Security researcher claims banks are key to killing rogue online pharmacies

The news comes hard on the heels of a UK couple claiming their autistic son took his own life after ordering prescription drugs from an Egyptian website, which authorities have since closed, Infosecurity notes.

According to Brian Krebs of Krebs on Security, unlicensed pharmacies create public health risks and confuse consumers who are looking for safe and reliable prescription medicines.

"Rogue pharma web sites are primarily advertised with the help of spam, malicious software, and hacked web sites.
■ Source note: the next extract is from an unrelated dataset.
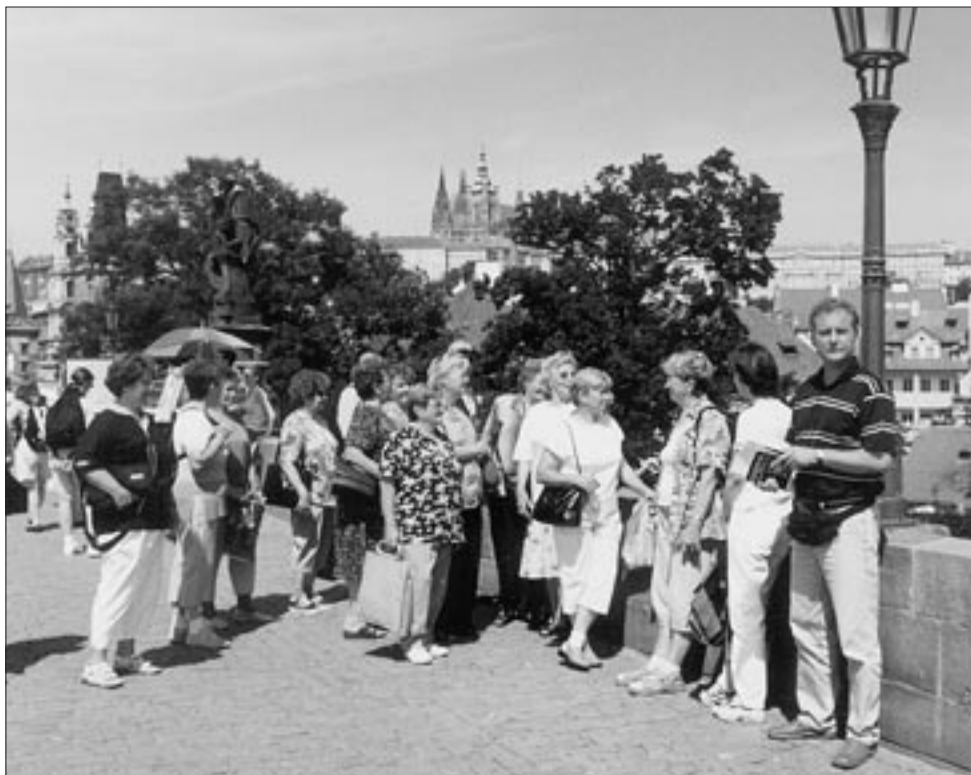
Členové sboru na Karlově mostě

Curbing this drug dealing activity would promote both public health and internet users' safety" he says in his latest security wire.

"Recent findings highlight additional levers that policymakers could use to curb sales at rogue online pharmacies, by convincing the card-issuing banks to stop accepting these charges or by enacting legislation similar to that used to squelch online gambling operations", he adds.

Krebs goes on to cite figures from sales data apparently stolen from Glavmed, a Russian affiliate program that pays webmasters to host and promote online pharmacy sites that sell a variety of prescription drugs without requiring a prescription.

Data derived from the bank ID number - essentially the first six digits of a payment card number - shows that 15% of all Glavmed purchases were made by Bank of America cardholders.

However, the security researcher asserts, the task of blocking card transactions by the major banks may not be as easy as it sounds, as he cites Stefan Savage - one of the authors of key University of California study on the issue - as saying there is no shortage of smaller financial institutions willing to take on riskier transactions such as online pharmaceuticals.

"The issue is that it is not a cheap or quick transaction to set up a new banking relationship", Savage told Krebs.

"You need to meet these guys, Visa or MasterCard needs signed credentials for both you and the bank, and this process can take a week at light speed to set up", he said.

"So, even if you as a pharmaceutical organisation can change processors, you can't do it overnight. And on the flip side, it would take me seconds to figure out if a pharma organisation switched [processing] banks", he added.

"So, technically, if [card-issuing] banks were willing to adopt a blacklisting approach, there is absolutely no way these pharma outfits could keep up", he asserted.